Your instructions: The word "Silkyara" may appear in some lines of the data; copy every such line.

Start of Source data

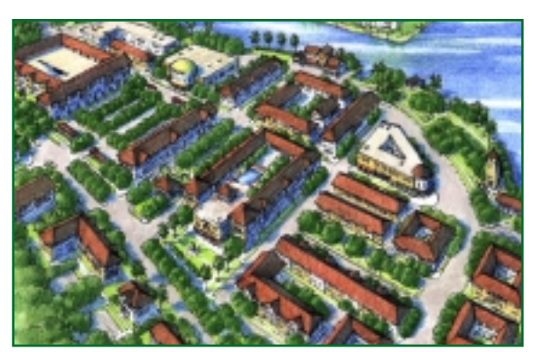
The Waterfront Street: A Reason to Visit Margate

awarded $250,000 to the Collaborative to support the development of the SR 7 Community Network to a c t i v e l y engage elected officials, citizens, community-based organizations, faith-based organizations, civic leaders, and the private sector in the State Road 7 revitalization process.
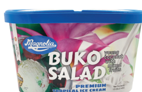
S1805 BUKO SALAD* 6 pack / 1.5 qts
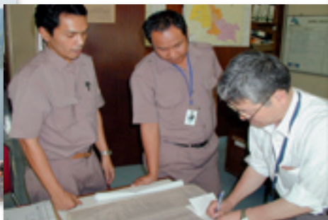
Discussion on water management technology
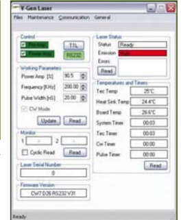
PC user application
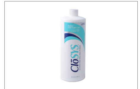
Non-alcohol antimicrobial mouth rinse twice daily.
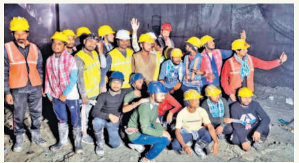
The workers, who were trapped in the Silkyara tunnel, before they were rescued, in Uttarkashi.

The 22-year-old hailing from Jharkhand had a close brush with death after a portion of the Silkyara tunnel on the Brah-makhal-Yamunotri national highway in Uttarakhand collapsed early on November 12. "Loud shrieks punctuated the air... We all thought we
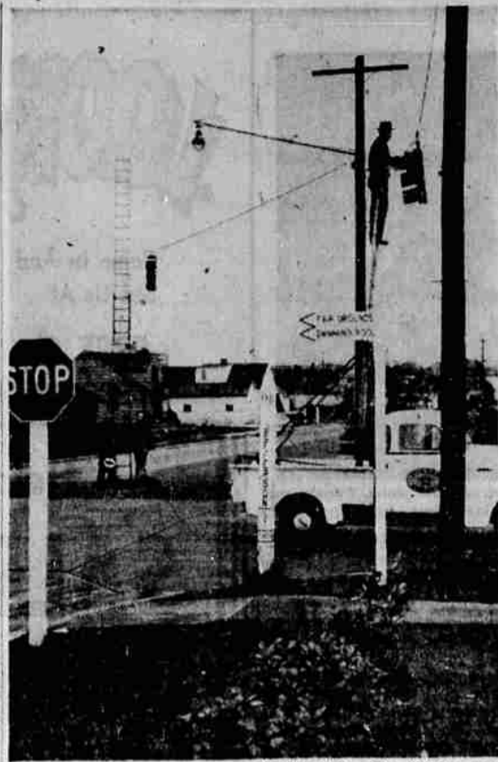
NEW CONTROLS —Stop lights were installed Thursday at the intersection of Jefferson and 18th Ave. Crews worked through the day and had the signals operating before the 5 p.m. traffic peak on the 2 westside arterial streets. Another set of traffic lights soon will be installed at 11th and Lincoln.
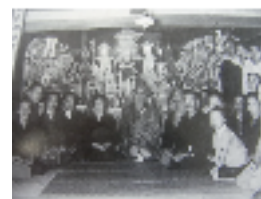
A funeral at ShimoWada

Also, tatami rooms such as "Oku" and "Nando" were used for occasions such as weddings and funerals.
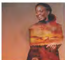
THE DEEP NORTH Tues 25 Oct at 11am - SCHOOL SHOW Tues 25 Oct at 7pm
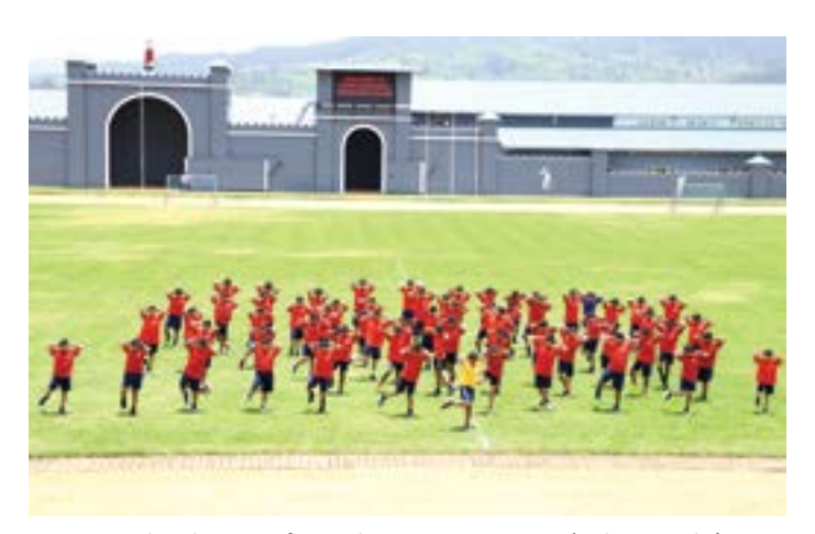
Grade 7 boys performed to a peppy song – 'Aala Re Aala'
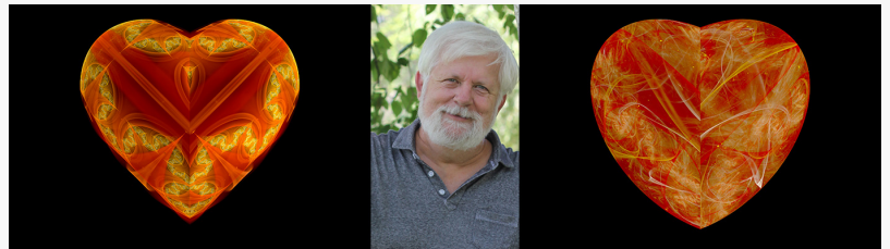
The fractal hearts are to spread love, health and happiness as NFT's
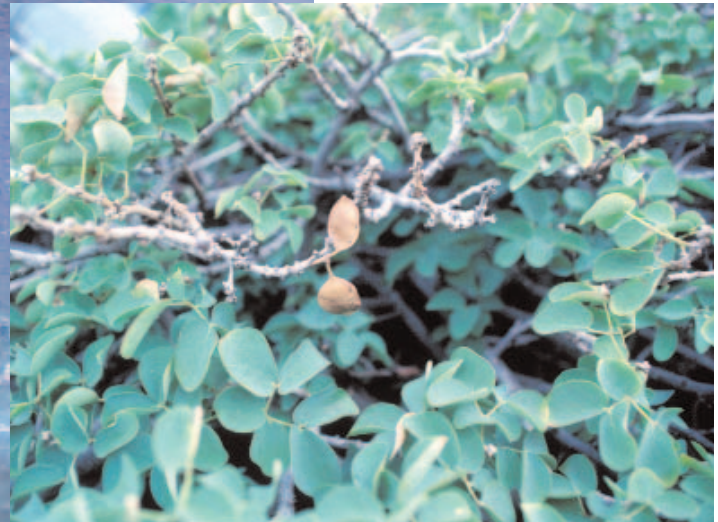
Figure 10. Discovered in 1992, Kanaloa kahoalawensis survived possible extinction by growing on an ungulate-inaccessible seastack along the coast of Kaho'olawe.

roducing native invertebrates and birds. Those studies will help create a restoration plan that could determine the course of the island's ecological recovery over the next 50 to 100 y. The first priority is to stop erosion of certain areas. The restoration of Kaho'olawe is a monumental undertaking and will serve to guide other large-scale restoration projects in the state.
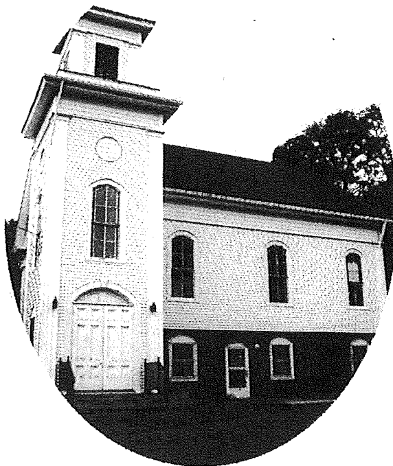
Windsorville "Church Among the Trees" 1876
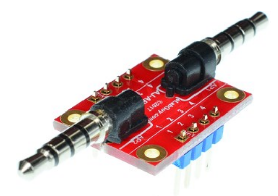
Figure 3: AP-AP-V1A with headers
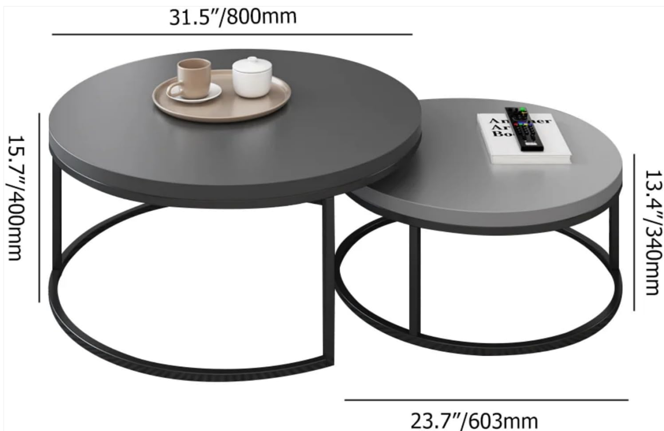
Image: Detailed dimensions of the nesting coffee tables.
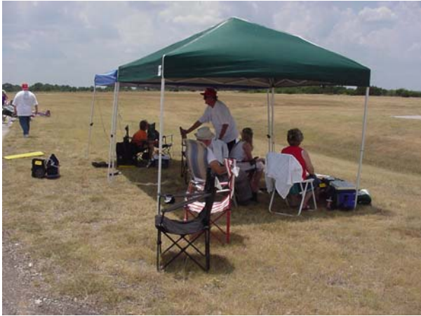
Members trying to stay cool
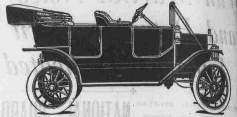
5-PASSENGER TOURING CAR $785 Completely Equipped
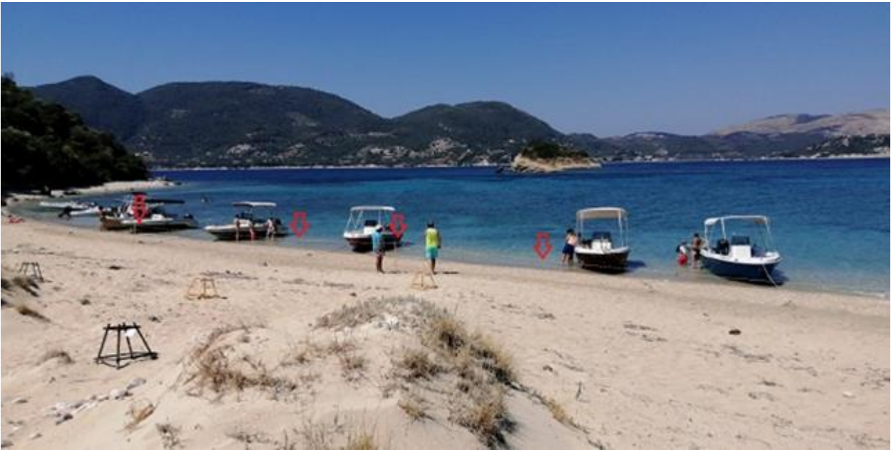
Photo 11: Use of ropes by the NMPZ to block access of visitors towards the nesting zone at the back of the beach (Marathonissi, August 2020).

End of Source data

Completed task:
The workers, who were trapped in the Silkyara tunnel, before they were rescued, in Uttarkashi.
The 22-year-old hailing from Jharkhand had a close brush with death after a portion of the Silkyara tunnel on the Brah-makhal-Yamunotri national highway in Uttarakhand collapsed early on November 12. "Loud shrieks punctuated the air... We all thought we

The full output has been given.